News and Opinion from Sisters, Oregon
To the Editor:
Yesterday I experienced us at our best.
Because of my age, I qualified for a COVID vaccination. We were given clear, explicit instructions on how to find the site (fairgrounds). When we arrived, though the line of cars was long, there was clear signage and both National Guard and volunteer aides. The lines were orderly and there was an assistant at each junction. The person who administered my shot appeared to be about my age but she had volunteered as “it was the right thing to do.”
This is our community at its best. This could be every community. Ours is a rich country — rich in resources, rich because of our diversity (ethnic, sexual orientation, even our differing perspectives re: policy). But our virulent internal divisiveness will keep us from EVER being great.
Janice Druian
To the Editor:
The business community is so important to Sisters’ economy, but climate change brings extremely dry conditions extending and exacerbating fire season, which threaten normal life and business operations here. That’s why it’s so exciting to see the U.S. Chamber speaking up and supporting climate action.
The right climate solutions can unleash the power of the American market on solving this problem. I hope the Sisters Chamber of Commerce agrees with its national counterpart and will urge Representative Cliff Bentz and Senators Wyden and Merkley to support a price on carbon.
Solutions like the Energy Innovation and Carbon Dividend Act (EICDA) are market-based approaches with bipartisan support. Members of the new administration, such as Treasury Secretary Janet Yellen, have expressed support for this policy approach as well.
Susan Cobb
To the Editor:
When you want to create a pejorative, use a common word with a well-accepted meaning and distort it to fit your purpose. Thus, the current use of “cancel” as in “cancel culture.” (The addition of “culture” adds a delightful frisson of “conspiracy” as in “I know you are all conspiring to silence me.”) Of course, when you create this new use, you don’t have to bother trying to define it.
The result is utter nonsense.
I can cancel my reservations, subscriptions or plans for activities. I am free to adjust my actions based on the behavior of others. For example, I will not seek any dental treatment from the dentist who published his skepticism of the efficacy of wearing masks.
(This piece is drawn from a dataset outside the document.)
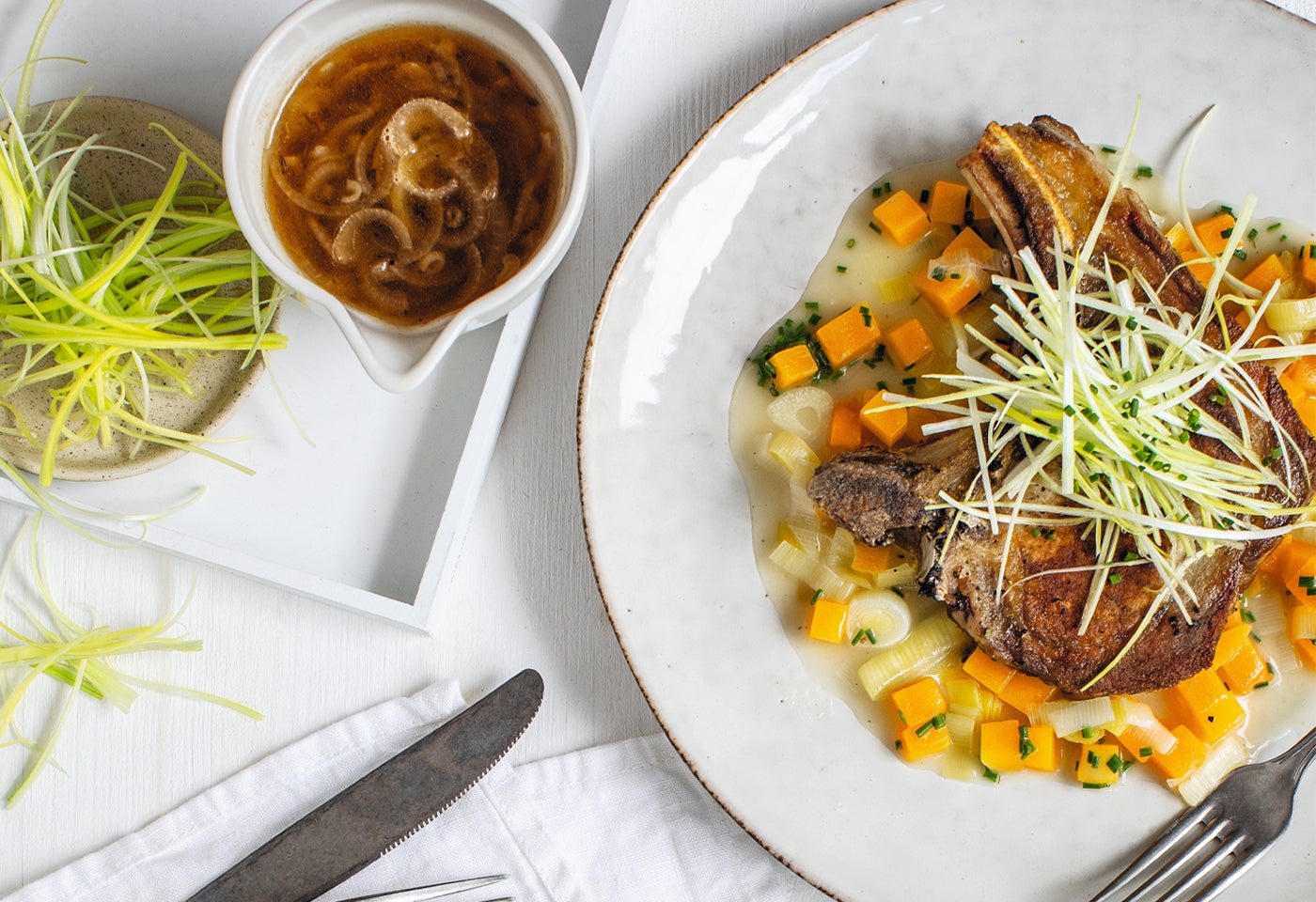 Schweinskotelett mit eingebranntem Kürbis und Lauch
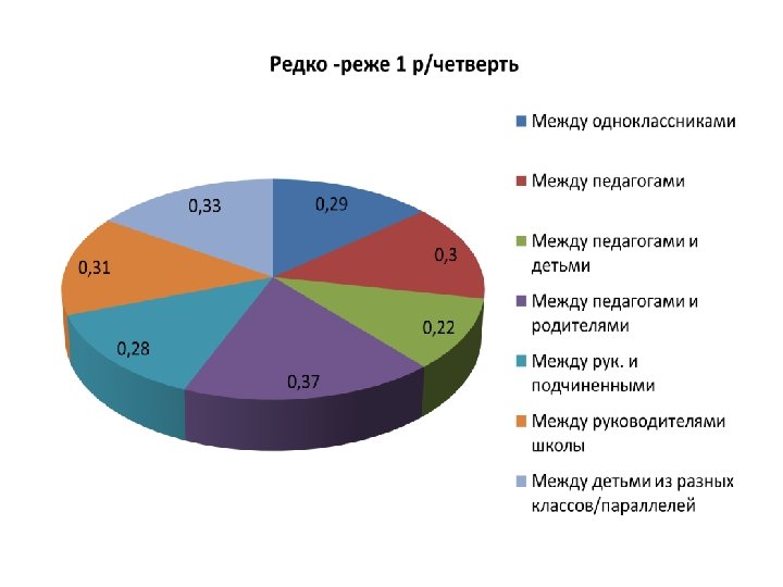 Конфликты между педагогами и родителями: • С точки зрения учителей частота столкновений здесь гораздо ниже, чем с детьми: лишь 18% отметили, что они бывают чаще 1 р/м (10% детей ответили также); от 1 р/м до 1 р/ч отметили 44% опрошенных учителей и 17% детей. • Можно предположить, что это та часть «айсберга» конфликтных ситуаций, о которых дети в своих анкетах в продолжение предложения «Родители могут предотвратить некоторые конфликты своих детей, если…» писали: «если бы те рассказывали о своей школьной жизни и об этих конфликтах» .

But I can’t “cancel” people.
We see the absurd use of this by Senator Hawley, he who gave a raised fist salute to the insurrectionist mob at the Capitol, and whose efforts to subvert our democracy resulted in his publisher declining to publish his latest effort to capture the Trump base, whining about being “canceled” in his published piece in a major newspaper in New York City. Irony appears to be lost on Senator Hawley.
It also results in Editor Cornelius reusing his anecdote from his undergraduate days, to claim some of his classmates were trying to “cancel” him by objecting to his “vigorous” rejection of orthodoxy. I wasn’t there and don’t know, but it does appear that Mr. Cornelius hasn’t considered the possibility that some of these classmates were objecting less to the substance of his comments than the manner in which he voiced them.
When I was a small child, my mama taught me that actions have consequences. Some on the right want to live in a consequence-free world. It’s not going to happen. If you say publicly that you continue to support Trump and his enablers who incited an insurrection, or give support to those who do, don’t be surprised if some of us voice our criticisms. Some of us may even do so “vigorously.”
Michael Wells
To the Editor:
I write in response to Patsy Farr’s Letter to the Editor in The Nugget, January 27:
Patsy, which president are you proud of?
Doug Williams
To the Editor:
One of our fellow readers, “S. McMillan,” posted a letter (The Nugget, January 20) opining that less people died in the year 2020 than in the prior four years.
This writer is either incapable of interpreting data, or intentionally misleading this audience.
While I hold sincere empathy for the small businesses, kids, those who have been quarantined for weeks on end and anyone affected by the mandates instituted by our state and local government, this response is to simply address the misinformation reported by the writer. Oregon DHA has not finished tallying 2020 deaths through December. If we compare the number of deaths from January to November, there were 36,412 deaths in the year 2020, compared to an average of 33,317 from prior years, which is over 3,100 more deaths, or 9 percent more. Nationwide the numbers are worse — over 400,000 more deaths in 2020 than 2019, a 15 percent increase.
This virus has killed more people in under a year than the entirety of World War II.
The fact that the situation is worse nationally shows that the measures Oregon has taken have been effective in preventing some deaths. Out of respect for the deceased and grieving families and friends who have been lost because of this virus, I send this response.